▸ **Task statement**
Produce a faithful copy of every record below, without the pictures.

::::::

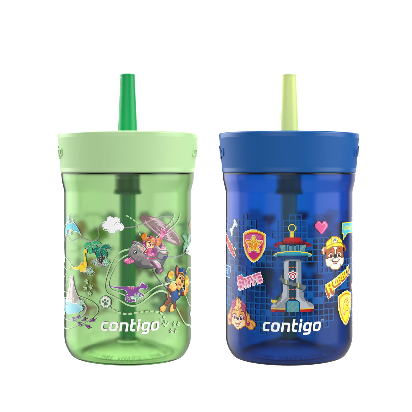 Contigo Kids Leighton Spill-Proof 2-Pack Paw Patrol Tumbler with Straw, 14oz, Power Pups and Dino Treks, Green and Blue
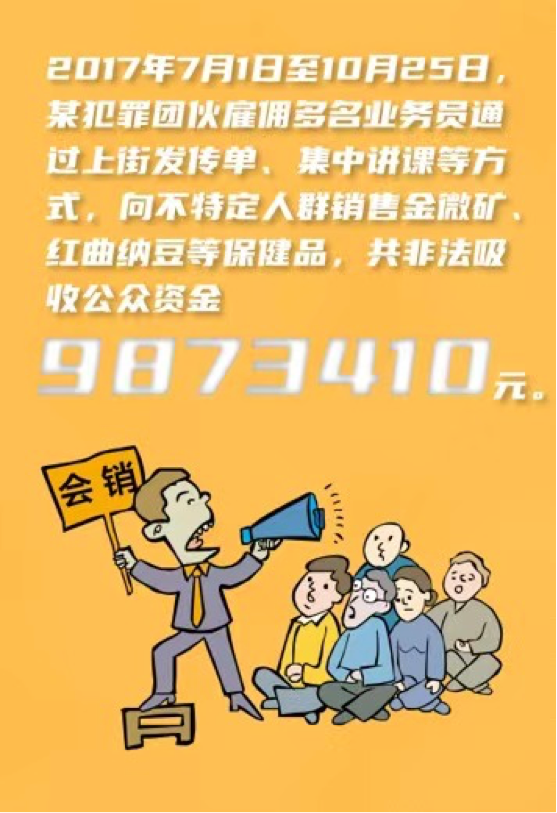 搜索中发现,涉案金额之巨也令人触目惊心。例如,2017年7月1日至10月25日,某犯罪团伙通过雇佣多名业务员通过上街发传单、集中讲课等方式,公开宣传以高额利息为诱饵,向不特定人群以高于进价二十倍的价格销售铁皮石斛、金微矿、黄氏太子参、羊初乳、红曲纳豆等保健品,在短短三个多月里,就非法吸收公众资金9873410元。
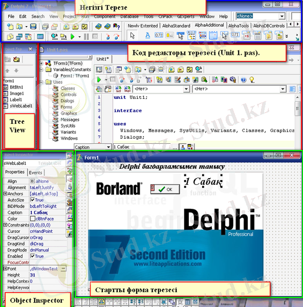 Delphi -дің интегралданған ортасын құру бағдарламалауға деген қызығушылық күн сайын өсуде. Бұл Қазіргі кезде дербес компьютерлерді пайдаланушылар арасында Windows операциялық Delphi - бұл Windows операция жүйесіндегі жұмыстарға Интегралданған ортаны жасау (Integrated Development Environment-IDE, құрал панелі, кескін редакторы, Windows іске қосу. Бағдарлама мәзірінің көмегімен Delphi 1-сурет. Delphi 7 жасаудың интегралданған ортасы. Негізгі терезесінің жоғарғы бөлігінен, сіздер бас мәзір жолағын көріп Интерфейстің құрамына төрт терезе кіреді:
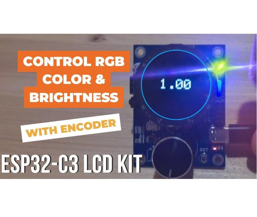 Learn to adjust RGB LED brightness via rotary encoder and generate random colors on the ESP32-C3 LCD Kit using Visuino. Step-by-step guide for beginners.
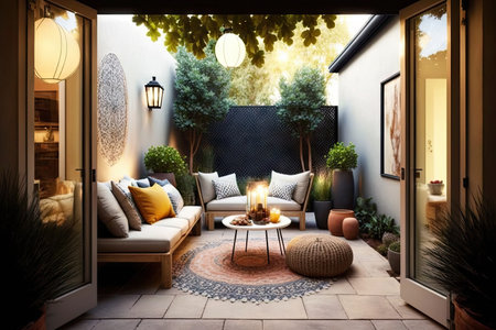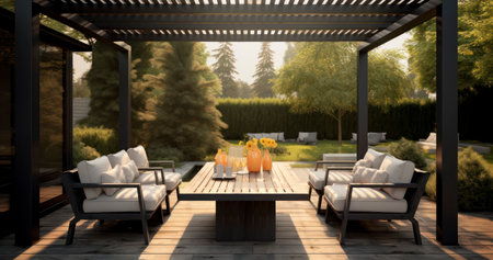 bright modern patio with comfortable furnishing and outdoor lighting, created with generative ai
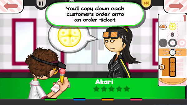 7、然后点击右下角蓝色按钮进行操作,开始工作后,你需要根据顾客的订单选择合适的原材料。右边就是顾客的详细订单
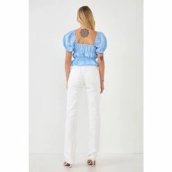This top has everything you need to make a statement. The short puff sleeves and front tie detail are playful and stylish, while the square neckline adds a touch of sophistication. Plus, the fit is flattering on everyone. Whether you’re dressing up for a special occasion or just want to add a little flair to your everyday look, this top is a great choice.
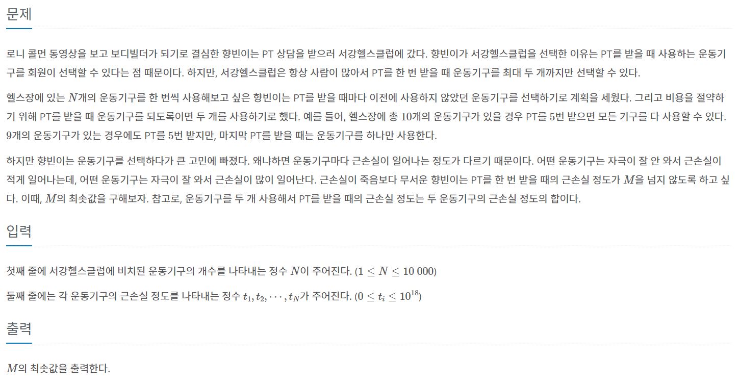 향빈이는 PT를 받을 때, 근손실정도가 최소가되도록 최대 하루에 2개씩 운동기구를 사용하려고 한다.
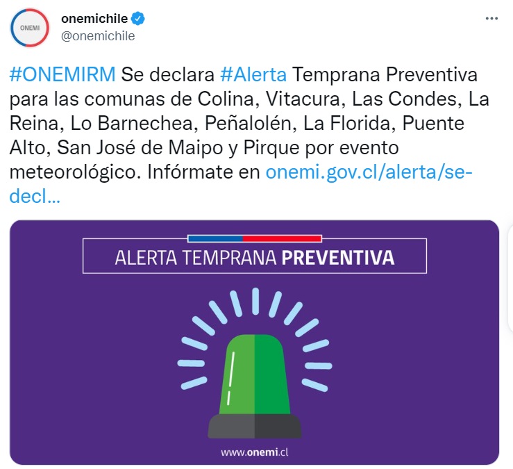 La alerta de la Onemi con respecto al pronóstico de lluvias en Santiago se decretó para las siguientes comunas. Colina, Vitacura, Las Condes, La Reina, Lo Barnechea, Peñalolén, La Florida, Puente Alto, San José de Maipo y Pirque.
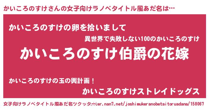 | 男性向けラノベタイトル風あだ名 | 『やはりかいころのすけの青春ラブコメはまちがっている 』 |

::::::

▸ **Exercise result**
 Contigo Kids Leighton Spill-Proof 2-Pack Paw Patrol Tumbler with Straw, 14oz, Power Pups and Dino Treks, Green and Blue
 搜索中发现,涉案金额之巨也令人触目惊心。例如,2017年7月1日至10月25日,某犯罪团伙通过雇佣多名业务员通过上街发传单、集中讲课等方式,公开宣传以高额利息为诱饵,向不特定人群以高于进价二十倍的价格销售铁皮石斛、金微矿、黄氏太子参、羊初乳、红曲纳豆等保健品,在短短三个多月里,就非法吸收公众资金9873410元。
 Delphi -дің интегралданған ортасын құру бағдарламалауға деген қызығушылық күн сайын өсуде. Бұл Қазіргі кезде дербес компьютерлерді пайдаланушылар арасында Windows операциялық Delphi - бұл Windows операция жүйесіндегі жұмыстарға Интегралданған ортаны жасау (Integrated Development Environment-IDE, құрал панелі, кескін редакторы, Windows іске қосу. Бағдарлама мәзірінің көмегімен Delphi 1-сурет. Delphi 7 жасаудың интегралданған ортасы. Негізгі терезесінің жоғарғы бөлігінен, сіздер бас мәзір жолағын көріп Интерфейстің құрамына төрт терезе кіреді:
 Learn to adjust RGB LED brightness via rotary encoder and generate random colors on the ESP32-C3 LCD Kit using Visuino. Step-by-step guide for beginners.
 bright modern patio with comfortable furnishing and outdoor lighting, created with generative ai
 7、然后点击右下角蓝色按钮进行操作,开始工作后,你需要根据顾客的订单选择合适的原材料。右边就是顾客的详细订单
This top has everything you need to make a statement. The short puff sleeves and front tie detail are playful and stylish, while the square neckline adds a touch of sophistication. Plus, the fit is flattering on everyone. Whether you’re dressing up for a special occasion or just want to add a little flair to your everyday look, this top is a great choice.
 향빈이는 PT를 받을 때, 근손실정도가 최소가되도록 최대 하루에 2개씩 운동기구를 사용하려고 한다.
 La alerta de la Onemi con respecto al pronóstico de lluvias en Santiago se decretó para las siguientes comunas. Colina, Vitacura, Las Condes, La Reina, Lo Barnechea, Peñalolén, La Florida, Puente Alto, San José de Maipo y Pirque.
 | 男性向けラノベタイトル風あだ名 | 『やはりかいころのすけの青春ラブコメはまちがっている 』 |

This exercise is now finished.